The Comfort of Conformity

filled star filled star filled star filled star star unfilled
theladywithglasses Avatar

By

Set in a dystopian future not too far from the 21st century, the world bakes under a too hot sun and people scrabble for a living in barren terrain. Cities and islands have been swallowed whole by the seas and oceans and humans barely cling to life in scattered communities. It’s the doom of the world that has been predicted for years thus not a surprise. It’s what a young girl imagines coming next that poses questions.

Eleanor is already a mystery to the reader since she is a foundling, abandoned on her adoptive mother’s doorstep. However, Eleanor’s early days depict a girl restless with desire for her best friend June and hungry to know her origins, a question her stoic mother can’t answer. She’s not one to hold in her feelings and is eager to make friends quickly. There doesn’t seem to be a mean bone in her body. With everything about her an open book, it’s the strange new world around her that requires exploring.

The government has abolished racism and religion. Such actions raise questions. Did they blame religion for human indifference to climate change? Is the dismissal of race due to the fact that they think it inhumane or because, seeing there are so few human beings left, breeding of any kind is essential and therefore skin color needs to be overlooked? Is race truly wiped from the public consciousness or simply driven into other expectations? Accusations from modern-day theists accuse certain dictators of being atheists, the implication being that atheism was behind the atrocities thse men perpetrated. But further digging indicated that these men didn’t outlaw religion because of their atheistic beliefs but because they saw religion as competition. They wanted the people to love them not god. After all, the preferred address in Nazi Germany wasn’t “God bless” but “Heil Hitler”.

The promise of the academies as promoting a stifling conformity is swift to reveal itself and you experience the same wincing of spirit Eleanor does when she is finally brought to The Meadows. The warm glow of being among other girls becomes stifled with the threat of tattling over wrongful behavior. While The Meadows are filled with clean clothes, hot showers and food abundance, Eleanor wonders why the climate doesn’t change with the seasons, why their location is vague and uncertain, why the slant of the sun doesn’t alter as the months pass. As her questions mount, so does our worry about the nature of the school where she has been sent. Is she really “special” or is she and the other girls being groomed for a sinister purpose?

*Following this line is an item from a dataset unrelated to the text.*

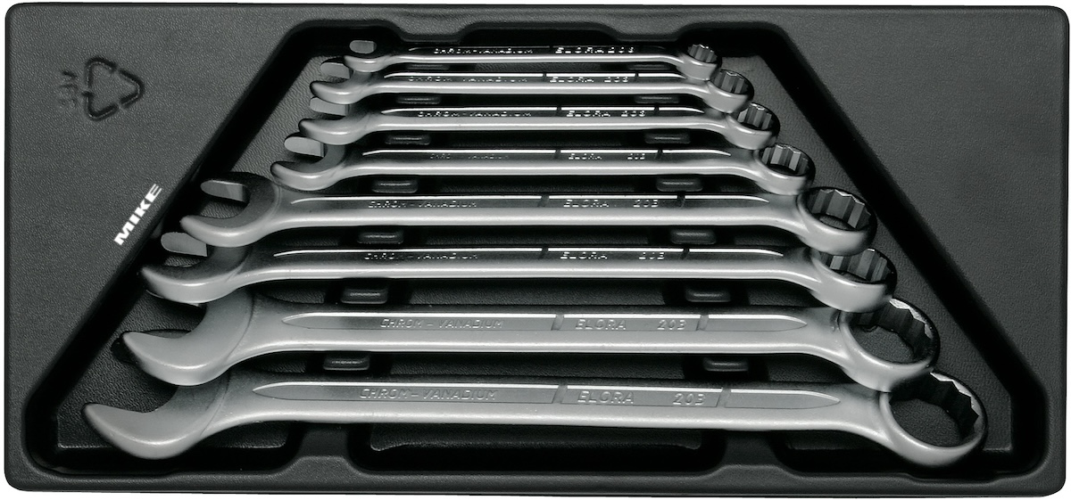 Các cờ lê trong bộ này có thiết kế cong (bent) và được xử lý bề mặt mạ chrome mờ. Chúng có kích thước từ 8, 10, 11, 13, 17, 19, 22 đến 24 mm thuộc dòng cờ lê ELORA 203, phù hợp với nhiều nhu cầu sử dụng khác nhau trong công việc lắp ráp và bảo trì. Các cờ lê này được thiết kế với chiều dài ngắn, phù hợp cho việc làm việc trong không gian hạn chế, và cả hai đầu của cờ lê đều có cùng kích cỡ mở miệng, tăng khả năng linh hoạt khi sử dụng.

Peacekeepers are men of violence (a kind of doublespeak worthy of George Orwell). Auditory and visual surveillance is everywhere. Women are groomed for wifehood and motherhood; all other job avenues are closed to them. Single women, past the age of marriage, are a kind of menace, although it’s not explained how. The downfall of society is subtly blamed on women (divorce, whoring and debauchery being giving as reasons). The bright sheen of this world slowly fades in the encroaching shadow of a totalitarian state.

So what happens next? We are both curious and terrified to learn.